The strange melancholy of Keith Alexander’s dreamscape paintings


For several surrealist artists, the strangeness was an important theme in their work – for South African artist Keith Alexander, it’s a seminal motif that weaves through much of his oeuvre.

South Africa’s leading auction house, Strauss & Co, is pleased to offer three of Alexander’s works at its upcoming live sale in Johannesburg. The auction runs from May 15-17 and the works are part of an evening devoted entirely to surrealism and its influence on South African art and artists.

At first glance, the viewer might see an ordinary object in his works – a house, a rock or a lamp post. But as the viewer spends more time with the painting, they become aware of an ominous presence – something they didn’t understand when they first met, but speaks of something more. deeper and more visceral on a subconscious level.

A disturbing aesthetic

European and American surrealists drew inspiration from the enigmatic, airless, supernaturally enlightened compositions of metaphysical artist Giorgio de Chirico. Surrealists often manipulated scale, induced an atmosphere of angst, guilt, or bewilderment, and forced everyday objects into unfamiliar contexts.

Alexander did his honors thesis on surrealism, and it is the same techniques and themes of this artistic movement that we see in his paintings. They have an eerie aesthetic similar to that of French surrealist artist René Magritte and Spanish artist Salvador Dali. “In a short time, Alexander established himself as one of South Africa’s foremost surrealists,” says Strauss & Co. chief curator and art specialist Wilhelm van Rensburg.

When it came to landscapes, Alexandre was particularly adept – like his predecessors Magritte and Dali, he executed his work in a highly accomplished, hyper-realistic style – shimmering with a sense of restlessness and melancholy.

“The artist created an impressive body of work of over 500 paintings during his lifetime, in a short career of 25 years,” says Van Rensburg.

“His artistic journey began when he enrolled in a fine arts degree at the University of Natal, but the foundations for his themes of decay and ruin were laid much earlier.”

Alexander was born in 1946 in what was then Rhodesia, but his parents sent him to a boarding school in London, where damage from wartime bombings still lingered. He experienced the aftermath of World War II first hand – and the theme of rubble and crumbling masonry is a recurring motif in his works. Alexander met his wife, gallery owner and art collector Elizabeth White, at one of his exhibitions, where she purchased one of his works.

desert dreams

White encouraged and supported him throughout his artistic career – they traveled extensively across Africa, but their honeymoon in Namibia in 1980 set the tone for much of his work. It was there that he fell in love with the desert. The stark, stark and hauntingly beautiful scenes of the Namib Desert, the crumbling and abandoned mining town of Kolmanskop and shipwrecks like the Edward Bohlen that dotted the beaches inspired Alexander to create his own visual language.

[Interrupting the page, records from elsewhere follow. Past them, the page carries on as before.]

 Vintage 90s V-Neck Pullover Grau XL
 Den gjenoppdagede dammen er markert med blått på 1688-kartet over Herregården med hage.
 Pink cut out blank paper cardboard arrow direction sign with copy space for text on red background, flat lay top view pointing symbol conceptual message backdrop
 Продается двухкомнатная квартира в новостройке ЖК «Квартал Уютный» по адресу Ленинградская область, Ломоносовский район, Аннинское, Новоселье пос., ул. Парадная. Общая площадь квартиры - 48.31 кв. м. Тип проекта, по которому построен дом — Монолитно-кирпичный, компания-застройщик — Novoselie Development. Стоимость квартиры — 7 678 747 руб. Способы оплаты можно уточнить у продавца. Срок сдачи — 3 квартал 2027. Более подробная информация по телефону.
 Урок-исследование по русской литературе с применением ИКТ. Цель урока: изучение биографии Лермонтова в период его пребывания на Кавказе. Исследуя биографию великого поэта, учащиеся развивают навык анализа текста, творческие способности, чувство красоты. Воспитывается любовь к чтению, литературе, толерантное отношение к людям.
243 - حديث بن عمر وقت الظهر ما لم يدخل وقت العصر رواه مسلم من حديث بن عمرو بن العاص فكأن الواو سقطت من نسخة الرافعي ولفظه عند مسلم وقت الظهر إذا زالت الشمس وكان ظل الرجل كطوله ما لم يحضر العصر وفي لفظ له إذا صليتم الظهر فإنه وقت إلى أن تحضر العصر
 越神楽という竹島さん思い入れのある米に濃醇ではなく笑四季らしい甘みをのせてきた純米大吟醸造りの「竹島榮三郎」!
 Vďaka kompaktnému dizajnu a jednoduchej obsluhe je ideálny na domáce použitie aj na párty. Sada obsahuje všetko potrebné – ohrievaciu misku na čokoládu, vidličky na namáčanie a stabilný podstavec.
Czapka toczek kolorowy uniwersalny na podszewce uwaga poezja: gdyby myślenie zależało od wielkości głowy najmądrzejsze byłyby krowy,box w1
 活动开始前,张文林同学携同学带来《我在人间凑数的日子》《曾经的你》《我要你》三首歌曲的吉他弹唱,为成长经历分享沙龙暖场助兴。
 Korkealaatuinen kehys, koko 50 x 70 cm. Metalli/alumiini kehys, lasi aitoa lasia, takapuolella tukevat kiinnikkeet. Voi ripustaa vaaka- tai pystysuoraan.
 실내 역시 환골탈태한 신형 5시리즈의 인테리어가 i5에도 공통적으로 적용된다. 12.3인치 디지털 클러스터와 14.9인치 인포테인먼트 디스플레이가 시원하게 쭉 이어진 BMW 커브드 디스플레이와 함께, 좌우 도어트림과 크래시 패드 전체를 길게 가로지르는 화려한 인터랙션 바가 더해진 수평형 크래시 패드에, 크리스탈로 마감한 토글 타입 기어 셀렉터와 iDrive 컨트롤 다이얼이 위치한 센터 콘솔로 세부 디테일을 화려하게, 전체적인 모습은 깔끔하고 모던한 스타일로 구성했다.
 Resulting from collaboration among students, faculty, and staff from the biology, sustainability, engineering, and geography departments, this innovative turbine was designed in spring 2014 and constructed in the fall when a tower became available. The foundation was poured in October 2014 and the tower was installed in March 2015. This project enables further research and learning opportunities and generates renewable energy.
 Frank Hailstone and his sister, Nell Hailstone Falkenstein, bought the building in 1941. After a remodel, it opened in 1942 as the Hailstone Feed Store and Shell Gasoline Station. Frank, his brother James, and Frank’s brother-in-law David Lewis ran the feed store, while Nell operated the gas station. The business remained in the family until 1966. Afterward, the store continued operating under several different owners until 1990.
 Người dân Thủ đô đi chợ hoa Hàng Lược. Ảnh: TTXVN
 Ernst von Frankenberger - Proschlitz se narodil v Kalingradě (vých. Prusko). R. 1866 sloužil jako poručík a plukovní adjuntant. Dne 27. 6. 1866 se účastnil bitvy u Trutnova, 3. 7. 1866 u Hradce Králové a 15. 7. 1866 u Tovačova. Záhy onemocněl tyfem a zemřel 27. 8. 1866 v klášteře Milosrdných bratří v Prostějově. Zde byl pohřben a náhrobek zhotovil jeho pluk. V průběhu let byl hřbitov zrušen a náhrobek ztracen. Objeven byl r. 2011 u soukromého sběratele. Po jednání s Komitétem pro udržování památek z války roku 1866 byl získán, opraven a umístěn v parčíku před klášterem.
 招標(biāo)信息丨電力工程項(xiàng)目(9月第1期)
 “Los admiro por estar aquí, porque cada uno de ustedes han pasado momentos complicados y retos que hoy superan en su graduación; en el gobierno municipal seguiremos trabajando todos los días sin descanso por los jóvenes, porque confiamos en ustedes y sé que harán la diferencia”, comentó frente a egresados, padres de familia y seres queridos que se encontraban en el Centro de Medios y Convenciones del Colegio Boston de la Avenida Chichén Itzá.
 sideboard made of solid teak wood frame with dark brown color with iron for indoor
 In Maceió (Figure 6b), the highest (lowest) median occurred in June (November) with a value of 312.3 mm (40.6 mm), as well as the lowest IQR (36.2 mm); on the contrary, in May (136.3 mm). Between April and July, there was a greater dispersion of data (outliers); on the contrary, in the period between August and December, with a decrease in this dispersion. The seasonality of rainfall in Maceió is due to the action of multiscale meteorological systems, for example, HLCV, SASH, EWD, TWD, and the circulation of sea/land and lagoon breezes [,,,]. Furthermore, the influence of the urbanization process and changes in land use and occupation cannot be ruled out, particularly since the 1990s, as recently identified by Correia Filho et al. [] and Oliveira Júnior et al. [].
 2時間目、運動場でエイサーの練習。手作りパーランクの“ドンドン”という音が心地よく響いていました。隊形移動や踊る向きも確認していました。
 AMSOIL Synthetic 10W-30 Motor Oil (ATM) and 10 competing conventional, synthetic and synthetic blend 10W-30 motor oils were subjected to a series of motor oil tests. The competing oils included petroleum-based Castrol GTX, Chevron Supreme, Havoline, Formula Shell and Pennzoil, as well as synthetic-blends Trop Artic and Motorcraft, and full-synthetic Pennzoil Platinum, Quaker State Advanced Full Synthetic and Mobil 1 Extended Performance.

Few artists have captured the haunting isolation of the desert towns of the Namib Desert more dramatically than Alexander. His images of Kolmanskop are an allegory of the decaying and crumbling regime of South Africa in the 1980s – starkly reminiscent of old times rich and luxurious, but now abandoned, reclaimed by the relentless dunes of the Namib. paintings, I use Namibia as a medium for colonial collapse, the transition, as in South Africa today, from the old order to the new. The physical language is so aggressive and hostile. At the end of it all, however, Africa will be here forever. Long after all the plans and dreams are gone, he remains the ultimate winner,” he said in a previous interview.

Desert also features prominently in three of the May sale paintings.

In the Hustle for Africa (est. R400,000 – R600,000) the viewer is confronted with the remains of an ancient Roman arch. At the center of this desolate scene, a ship is hurtling towards the viewer. Adding to the feeling of eerieness is a highly polished tiled floor, which reflects the ship. There is an impending sense of doom and destruction – of inevitable disaster.

In an interview, Alexander explained that a ship is much more a part of its origin than its destination. “A ship is almost like a living being, which can travel very far from its natural environment, while remaining intact and autonomous. Abandoned in a foreign environment, it is almost a perfect allegory of colonialism. Last Light (R 600,000 – R800,000) has a sense of an end – it features what looks like the facade of a European train station and a dusty road, lined with ornate streetlamps.

Upon his return to southern Africa, Alexander became increasingly aware of the contradictions inherent in his deeply colonial and political upbringing, another important theme that would later manifest itself in works such as these. the last light aligns with Alexander’s central theme of isolation and decadence – and juxtaposes the real with the imaginary. Twilight Light invokes a sense of finality – of lost times and crumbling empires, and underscores the futility of it all.